The hacks are a continuation of a similar pattern that has played out since December 2020, as the Cl0p actors exploit zero-day flaws in various enterprise focused file transfer software to access customer systems and steal data.
Meanwhile, Progress Software is urging MOVEit Transfer customers to apply patches to a third critical vulnerability in the software in less than one month. While the first flaw was widely exploited in late May, there is no evidence that the other two bugs have been abused in the wild. [The Hacker News / Malwarebytes]

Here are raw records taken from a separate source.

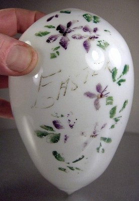 Vtg Milk Glass EASTER EGG Decorated Hand Very Large 6 3/4 Antique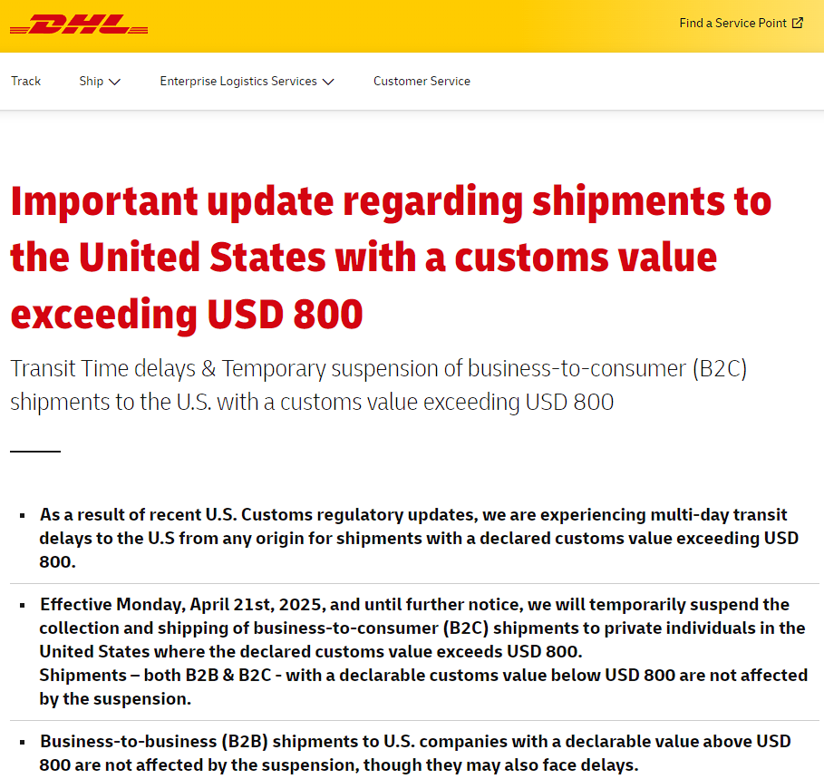 The latest B2C logistics policies of DHL and FedEx for shipments to the United States.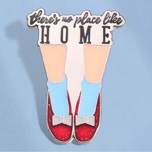 Charming enamel pin with a 'There's No Place Like Home' design. Features red, blue, and black colors.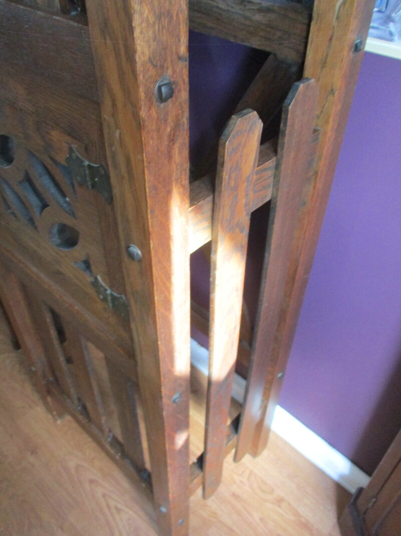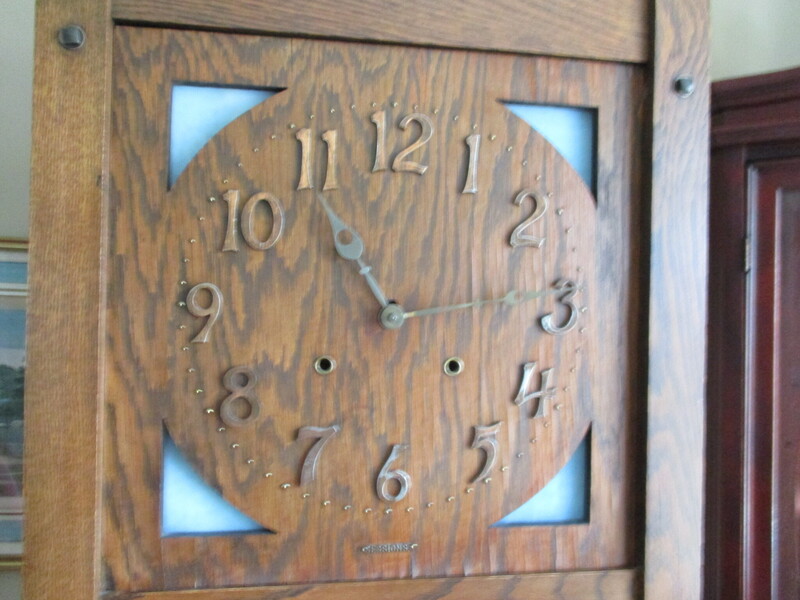 Horloge grand-père en chêne de style Mission. Vers 1900. Signé Sessions. Mécanisme avec 2 poids. On la remonte èa la semaine. Fonctionne très bien. 181/2 po X 121/2 X 71 po de hauteur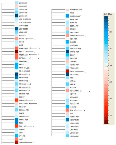 Long non-coding RNAs (LncRNAs) significantly present in human enteric precursor cells (EPCs). Representative heat map of the qRT-PCR experiments in human EPCs. The heat map shows the positive (red) or negative (blue) expression levels of lncRNA in human EPCs. Arrow and asterisk indicate the 13 lncRNA with a statistically significant presence. The color scale represents the ΔCt plus, shown on the right side. Cycle threshold (Ct) = 34.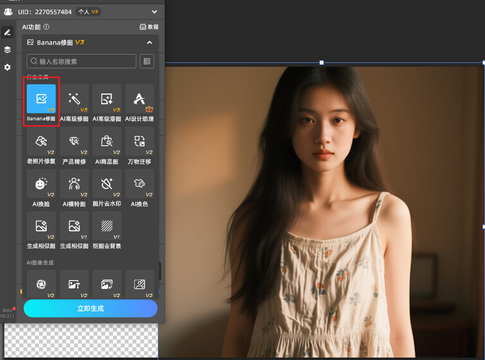 StartAI 是 AI 驱动的 PS 修图插件,其内置的 “Banana 修图” 功能专门针对衣物、布料修图优化,尤其擅长保留花纹细节,操作效率远超手动方法。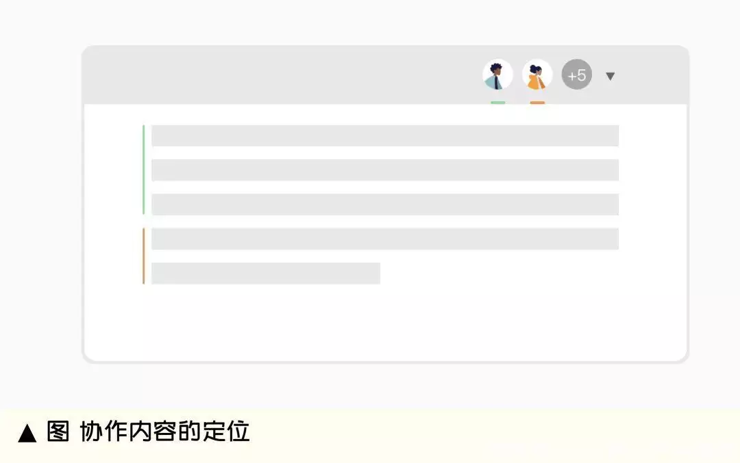 对于协同人共同产出的内容,须要采用者快速分辨出哪些部分是谁产出的,须要对协同人的操作方式位置、操作方式内容进行定位和查找,才能达成一致高效协同的目标。可以采用颜色标记或动态图标等方式,突出显示正在撰稿的地区。同样,内容和位置的定位也可以透过结构设计进行可视化来帮助采用者在组织工作介面内将“内容”与“人”进行关联,突出显示正在撰稿、已顺利完成撰稿的地区。

↘️ Threat actors are scraping OpenAI ChatGPT API keys from source code repositories and offering them for sale, as cybercriminals continue to exploit the newfound popularity of the service. [Vice]
↘️ A threat actor of unknown provenance known as Asylum Ambuscade is straddling the line between cybercrime and cyberespionage, with the group linked to a constellation of financially motivated cybercrime attacks since early 2020. While it’s unusual for a hacking crew to blend their motivations, it’s not uncommon. The notorious and virulent Lazarus Group is known to carry out cryptocurrency heists while simultaneously orchestrating data theft campaigns. [The Hacker News]
↘️ Google has launched a new conceptual framework called Secure AI Framework (SAIF) to secure AI systems and defend against prompt injection-style attacks. The announcement comes amid warning from the FBI that malicious actors are leveraging AI-tools to manipulate benign photographs into explicit content and facilitate sextortion schemes. [Google]
↘️ The US International Trade Administration (ITA) admitted it promotes the sale of American-approved commercial spyware to foreign governments. [The Register]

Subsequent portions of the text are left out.